(Collected data entries)
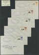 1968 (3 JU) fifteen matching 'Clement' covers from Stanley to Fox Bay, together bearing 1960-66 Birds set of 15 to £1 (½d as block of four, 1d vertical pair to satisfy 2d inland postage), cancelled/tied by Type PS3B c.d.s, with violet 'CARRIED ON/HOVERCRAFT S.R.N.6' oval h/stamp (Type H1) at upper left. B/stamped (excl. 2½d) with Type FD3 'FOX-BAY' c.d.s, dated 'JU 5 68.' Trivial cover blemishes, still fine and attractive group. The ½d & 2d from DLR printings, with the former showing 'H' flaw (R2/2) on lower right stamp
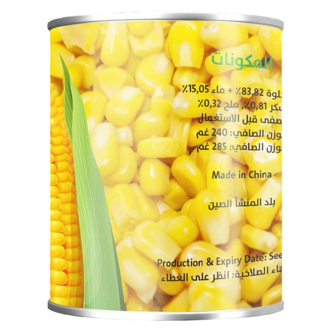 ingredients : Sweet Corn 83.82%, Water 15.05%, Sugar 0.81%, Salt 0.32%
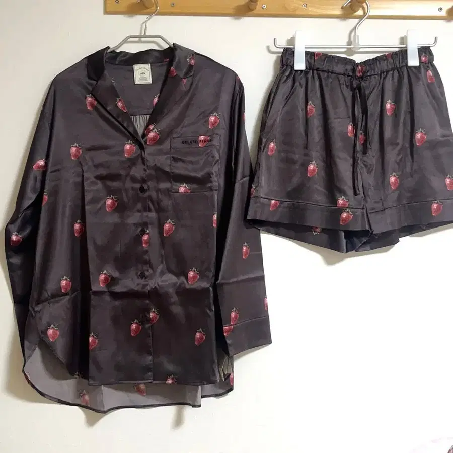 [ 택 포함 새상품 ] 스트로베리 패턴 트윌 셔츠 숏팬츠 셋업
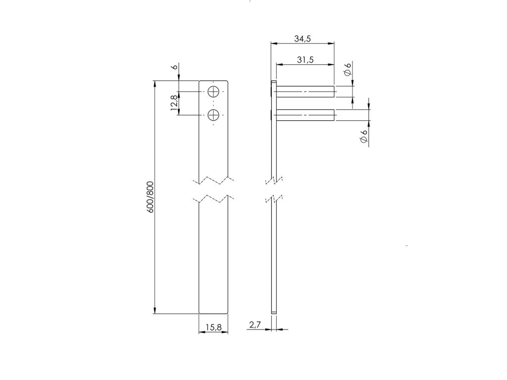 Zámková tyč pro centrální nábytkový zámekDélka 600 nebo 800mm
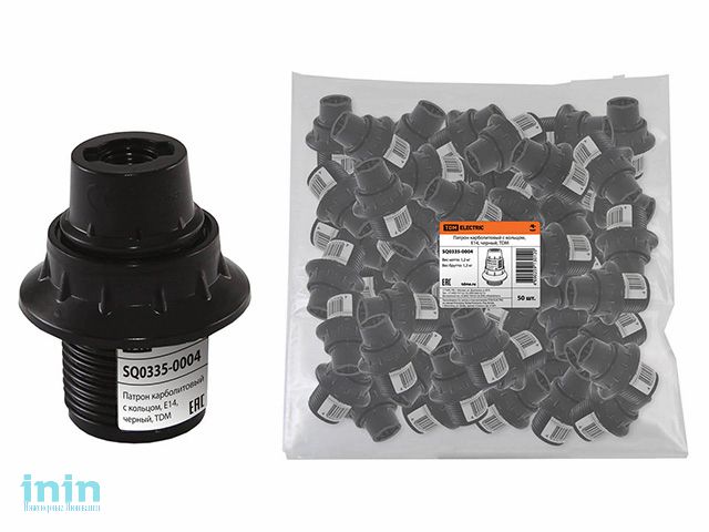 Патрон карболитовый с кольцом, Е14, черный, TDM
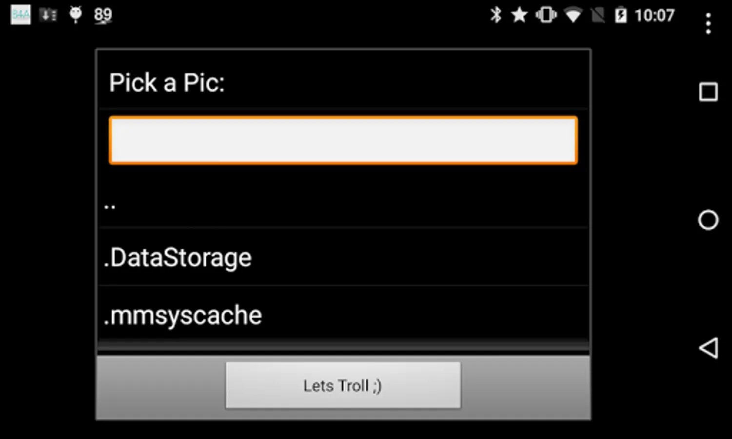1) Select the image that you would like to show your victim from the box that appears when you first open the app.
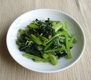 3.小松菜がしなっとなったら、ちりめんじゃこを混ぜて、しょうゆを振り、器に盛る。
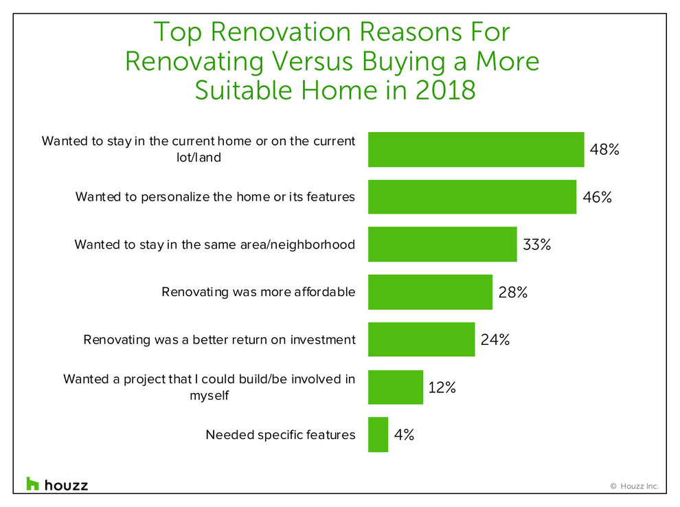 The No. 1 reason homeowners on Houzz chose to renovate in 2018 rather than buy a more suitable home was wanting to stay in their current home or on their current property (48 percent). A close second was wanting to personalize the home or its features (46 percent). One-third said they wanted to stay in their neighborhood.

§ **WHAT TO DO**:
Copy each line above exactly, with no images.

§ **ANSWER TO THIS PROBLEM**:
 1968 (3 JU) fifteen matching 'Clement' covers from Stanley to Fox Bay, together bearing 1960-66 Birds set of 15 to £1 (½d as block of four, 1d vertical pair to satisfy 2d inland postage), cancelled/tied by Type PS3B c.d.s, with violet 'CARRIED ON/HOVERCRAFT S.R.N.6' oval h/stamp (Type H1) at upper left. B/stamped (excl. 2½d) with Type FD3 'FOX-BAY' c.d.s, dated 'JU 5 68.' Trivial cover blemishes, still fine and attractive group. The ½d & 2d from DLR printings, with the former showing 'H' flaw (R2/2) on lower right stamp
 ingredients : Sweet Corn 83.82%, Water 15.05%, Sugar 0.81%, Salt 0.32%
 [ 택 포함 새상품 ] 스트로베리 패턴 트윌 셔츠 숏팬츠 셋업
 Zámková tyč pro centrální nábytkový zámekDélka 600 nebo 800mm
 Патрон карболитовый с кольцом, Е14, черный, TDM
1) Select the image that you would like to show your victim from the box that appears when you first open the app.
 3.小松菜がしなっとなったら、ちりめんじゃこを混ぜて、しょうゆを振り、器に盛る。
 The No. 1 reason homeowners on Houzz chose to renovate in 2018 rather than buy a more suitable home was wanting to stay in their current home or on their current property (48 percent). A close second was wanting to personalize the home or its features (46 percent). One-third said they wanted to stay in their neighborhood.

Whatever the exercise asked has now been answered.